An Approach to Point-to-Point Control for Direct-Drive SCARA-Type Robots

Abstract

In recent years, attention has been paid to direct-drive for industrial robots which are essential to factory automation. Direct-drive robots, which are directly actuated with no gear reducer, have no backlash, low friction and good mechanical stiffness. This results in the excellent repeatability of positioning, that is, an order of magnitude better than that of gear-drive robots. It is, however, more prominent in the design of control system for direct-drive robots that the arm inertia variation depending on the arm configuration and the Coriolis and centrifugal torques are directly reflected to the motor axes due to the direct coupling.

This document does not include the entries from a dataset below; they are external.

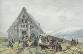 Kirken i Breiðabolstaður. Illustration af A. E. F. Mayer, (1805-1890). Kilde: Íslandsmyndir Mayers 1836 (Billedet her fra 1839)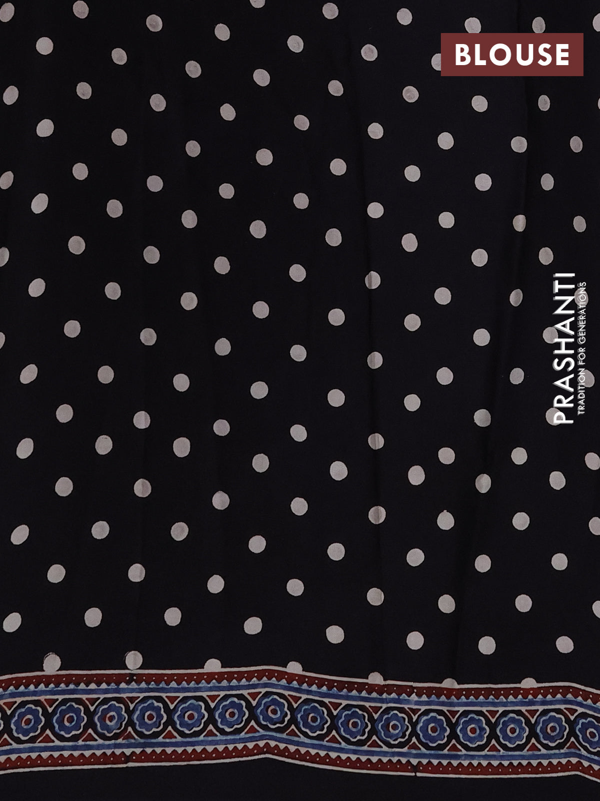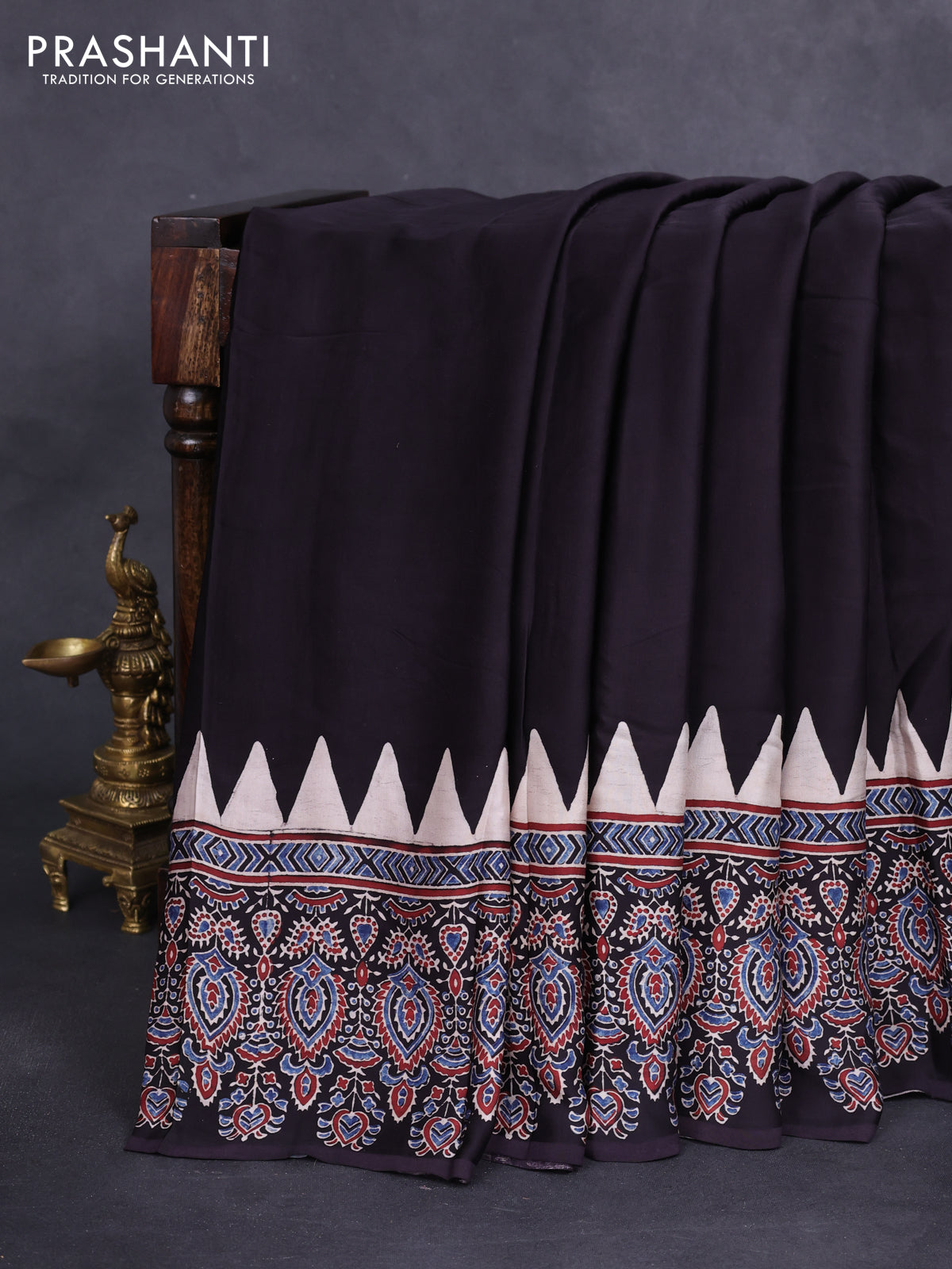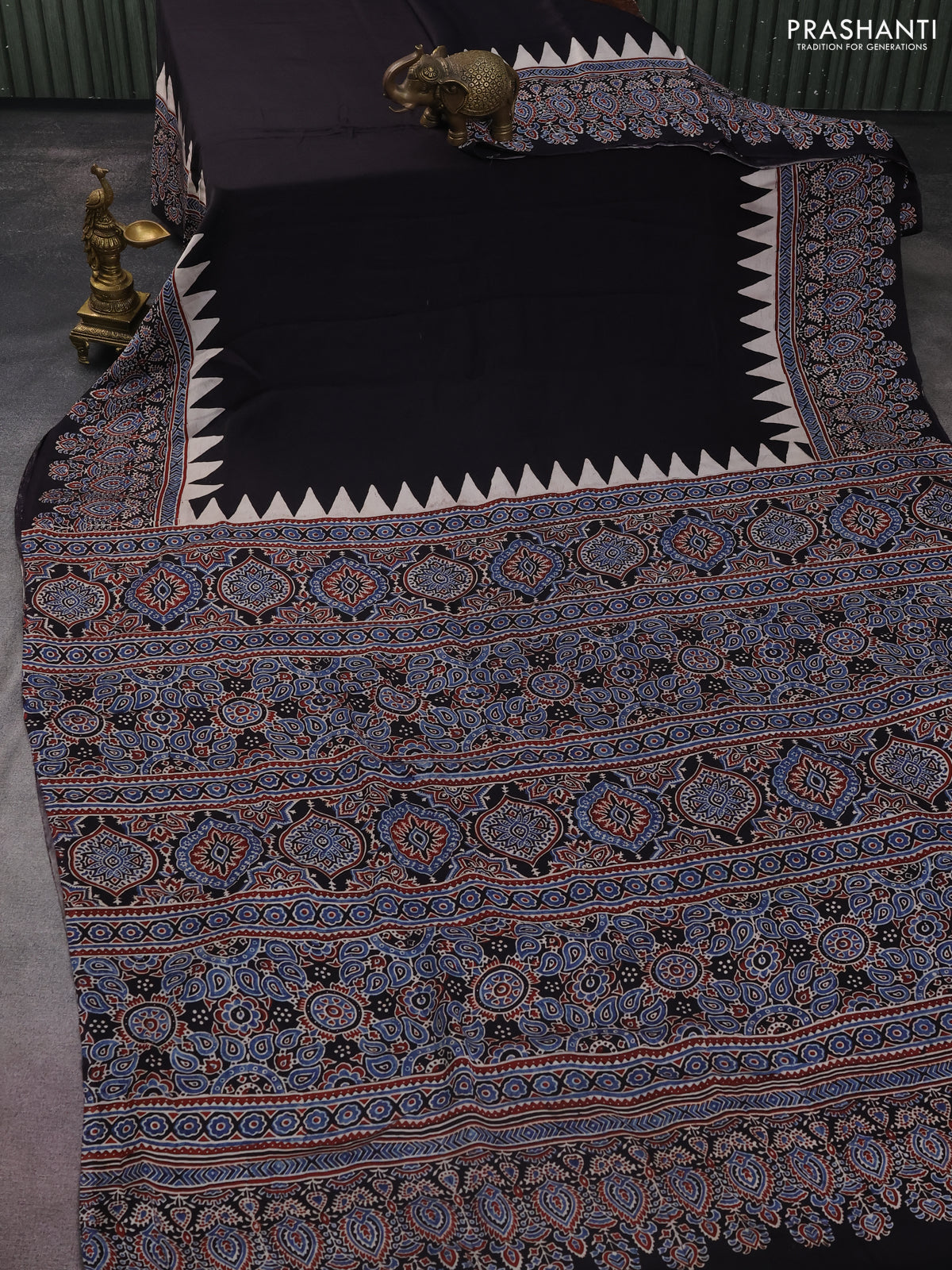 Modal silk saree black with plain body and ajrakh printed border & pallu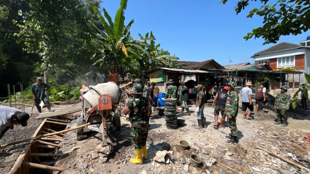 Bantul – Babinsa Kalurahan Trirenggo melaksanakan kegiatan pengecoran footplate pembangunan Jembatan Garuda di Dusun Manding RT 02, Trirenggo, Bantul. Kegiatan tersebut dihadiri oleh Danramil 01 Bantul Mayor Caj (K) Sri Mangestu, MA.A, Md, Pasiter Kodim 0729 Bantul Kapten Inf Sugeng, serta anggota Kodim 0729 Bantul dan Koramil jajaran. Minggu, (5/4/2026).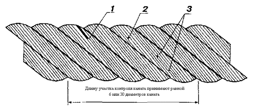 Примечания. 1. n - число несущих проволок в наружных прядях каната; d - диаметр каната, мм. 2. Проволоки заполнения не считаются несущими, поэтому не подлежат учету. В канатах с несколькими слоями прядей учитываются проволоки только видимого наружного слоя. В канатах со стальным сердечником последний рассматривается как внутренняя прядь и не учитывается. 3. Число обрывов не следует путать с количеством оборванных концов проволок, которых может быть в 2 раза больше. 4. Для канатов конструкции с диаметром наружных проволок во внешних прядях, превышающим диаметр проволок нижележащих слоев, класс конструкции понижен и отмечен звездочкой. 5. При работе каната полностью или частично с блоками из синтетического материала c синтетической футеровкой отмечается появление значительного числа обрывов проволок внутри каната до появления видимых признаков обрывов проволок или интенсивного износа на наружной поверхности каната. Такие канаты отбраковываются с учетом потери внутреннего сечения. 6. Незаполненные строки в графе «Конструкции канатов по ИСО и государственным стандартам» означают отсутствие конструкций канатов с соответствующим числом проволок. При появлении таких конструкций канатов, а также для канатов с общим числом проволок более 300 число обрывов проволок, при которых канат бракуется, определяется по формулам, приведенным в нижней строке таблицы, причем полученное значение округляется до целого в большую сторону. Рис. 4. Пример определения числа обрывов наружных проволок стального каната: 1 - на участке контроля у оборванной проволоки обнаружен только один конец, ответный конец оборванной проволоки отсутствует. Данный дефект соответствует одному обрыву; 2 - на участке контроля у оборванной проволоки в наличии два конца. Данный дефект соответствует одному обрыву; 3 - на участке контроля одна из проволок имеет двукратное нарушение целостности. Поскольку нарушения целостности принадлежат только одной проволоке, данный дефект суммарно соответствует одному обрыву При наличии у каната поверхностного износа или коррозии проволок число обрывов как признак браковки должно быть уменьшено в соответствии с данными табл. 2. При уменьшении первоначального диаметра наружных проволок в результате износа (см. рис. 5, д) или коррозии (см. рис. 6, д) на 40% и более канат бракуется. Определение износа или коррозии проволок по диаметру производится с помощью микрометра или иного инструмента, обеспечивающего аналогичную точность. При меньшем, чем указано в табл. 1, числе обрывов проволок, а также при наличии поверхностного износа проволок без их обрыва канат может быть допущен к работе при условии тщательного наблюдения за его состоянием при периодических осмотрах с записью результатов в журнал осмотров и смены каната по достижении степени износа, указанной в табл. 2. Таблица 2 Нормы браковки каната в зависимости от поверхностного износа или коррозии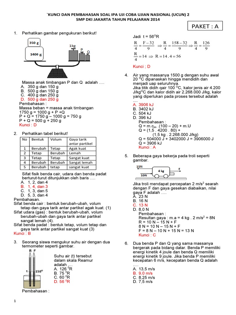 Jika mau anda bisa mendownload Soal UCUN UJI COBA UN SMP DKI Tahun 2017. Naskah soal UCUN DKI 2016 Tahap 2 ini akan dijadikan satu file yang memuat 4 pelajaran SMPMTs yaitu Bahasa Indonesia Bahasa Inggris Matematika dan IPA. KUNCI JAWABAN DAN PEMBAHASAN UCUN 1 PAKET A SMPMTs MATA PELAJARAN ILMU PENGETAHUAN ALAM IPA TAHUN PELAJARAN 20152016 No Materi Materi yang diujikan Kunci Jawaban 1 Besaran dan Pengukuran Membaca hasil.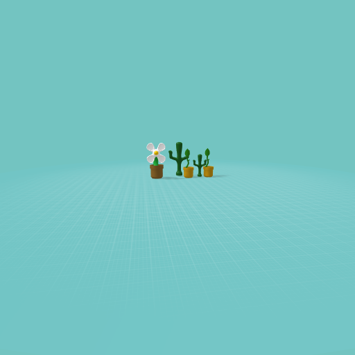 great garden with a cactus, two leaf plants and a daisy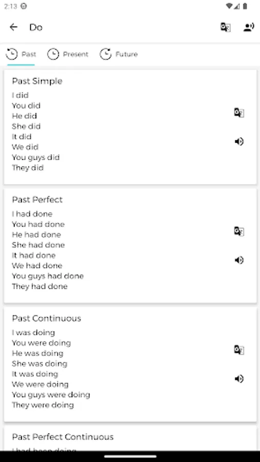 Past, present and future tense are divided up into 4 sub tense types. Study these tense types before practicing using the quiz and test.
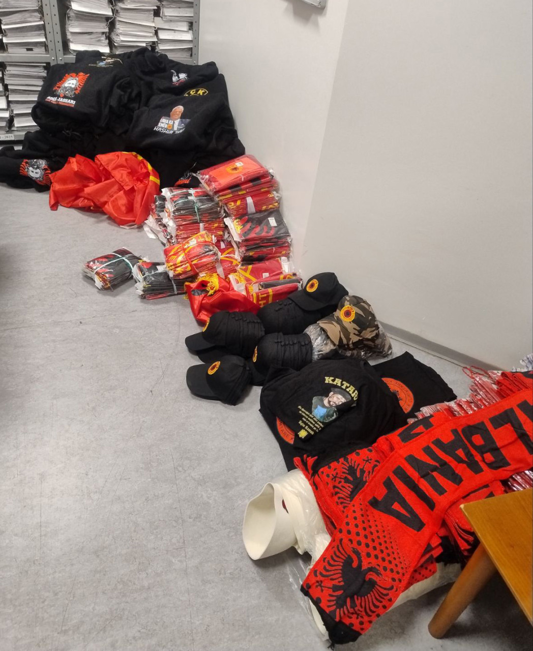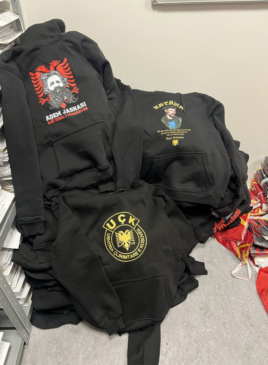 Policija je na administrativnom prelazu Merdare pregledom kombija marke „mercedes“, kojim je iz pravca AP KiM upravljao osumnjičeni, pronašla pet torbi u kojima su se nalazile 22 majice, 244 zastave i 86 kačketa sa natpisom UČK, 65 dukserica sa likom Agima Ramadanija, 58 šalova sa grbom Albanije, kao i 92 kape „ćelepoši“.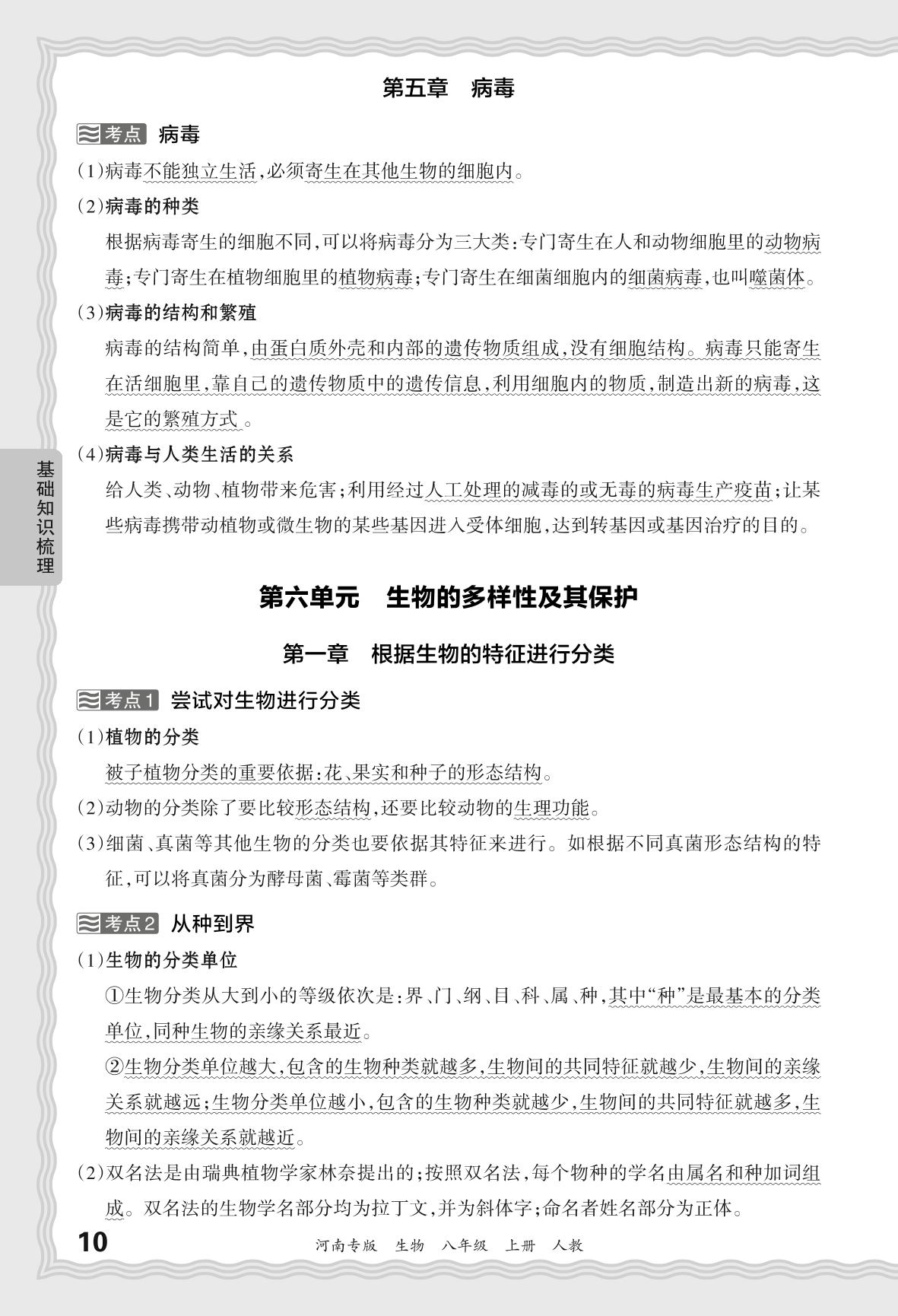 2023秋上册八年级生物人教版 期末过课本·基础知识梳理 第六单元 生物的多样性及其保护
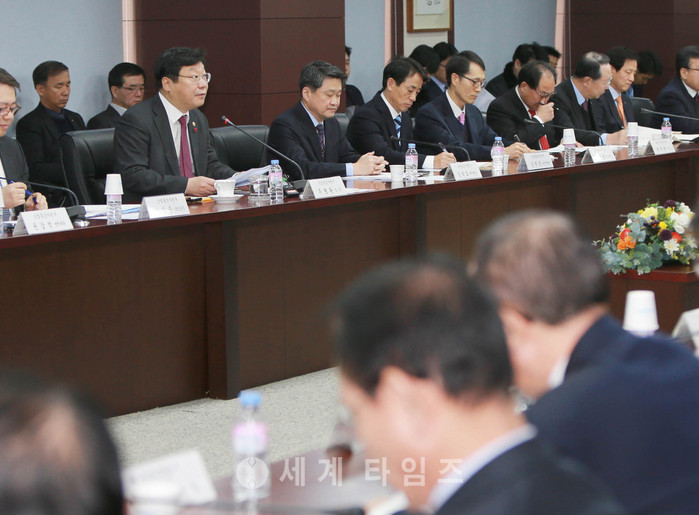 주형환 산업통상자원부 장관이 12일 오전 서울 종로구 한국무역보험공사에서 열린 '2017년 제1차 공공기관장 회의'에서 공공기관장들과 회의를 하고 있다. 2017.01.12.(사진=산업통상자원부 제공)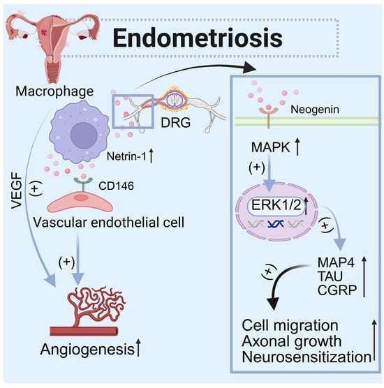 Studies indicate that serum levels of netrin-1 are significantly elevated in endometriosis patients and are positively correlated with pain symptoms [141]. The local accumulation of netrin-1 produced by macrophages promotes the occurrence and development of endometriosis by regulating the proliferation, tubule formation, migration, and invasion of vascular endothelial cells and inducing neuroangiogenesis [141]. The depletion of macrophages led to a reduction in lesion size and blood vessel formation [142]. The amount of vascular endothelial growth factor (VEGF) produced by peritoneal macrophages increases in women with endometriosis. The netrin-1 receptor CD146 is a high-affinity receptor that can activate endothelial cells and initiate downstream VEGF signaling pathways [143]. In the endometriosis microenvironment, the expression of this receptor is significantly increased in vascular endothelial cells. Additionally, Neogenin, another receptor, is overexpressed in sensory neurons that infiltrate endometriosis tissue. The combination of netrin-1 and Neogenin activates the MAPK signaling pathway, leading to an upregulation of MAP4, TAU, and CGRP, which promotes myoduct formation and supports neuronal regeneration [144]. Netrin-1 also enhances the growth and migration of Schwann cells through its interaction with DCC [145] and UNC5b [146], thereby facilitating the regeneration of peripheral nerves.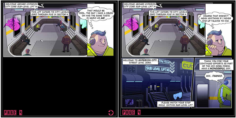 Controlling the reading pace does not have to be a negative thing, however. Casey J.’s webcomic Buying Time[17] acts as part animation, part comic, with one panel or speech bubble appearing at a time and the reader having to click to make the next panel appear. While at first glance one would imagine that the comic could be fully replicated in print form, it is not so simple; some panels include small animations, such as an elevator arriving, or a single panel will cycle through a couple of different speech bubbles as the dialogue goes on, as seen below, meaning that one cannot read a “finished” page and get the whole story. Not only is this a creative way to manipulate the time a reader must spend on a single panel or moment, but it further demonstrates the ways digital comics can play with elements that are predetermined in traditional comics.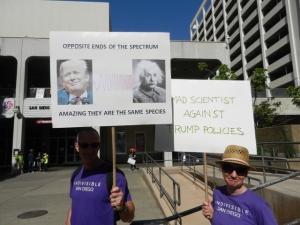 April 25, 2017 (San Diego) -- I've been protesting for over half a century. Never before the March for Science in San Diego Saturday have I seen a demonstration where everyone brought their own homemade signs.

In this paper, a direct-drive robot with a two degree-of-freedom is developed for planer assembly tasks. The motion of the manipulator arm is constrained within a horizontal plane, so that this type of robot is referred to as a SCARA (Selective Compliance Assembly Robot Arm)-type robot. A balanced manipulator arm, the purpose of which is to cancel the inertia variation and nonlinear effects, is introduced to the direct-drive robot, thus leading to improved control performance as well as simple manipulator dynamics.
In addition, the combination of feedforward compensation and a new approach to positioning control is proposed to perform stable and fast positioning without overshooting.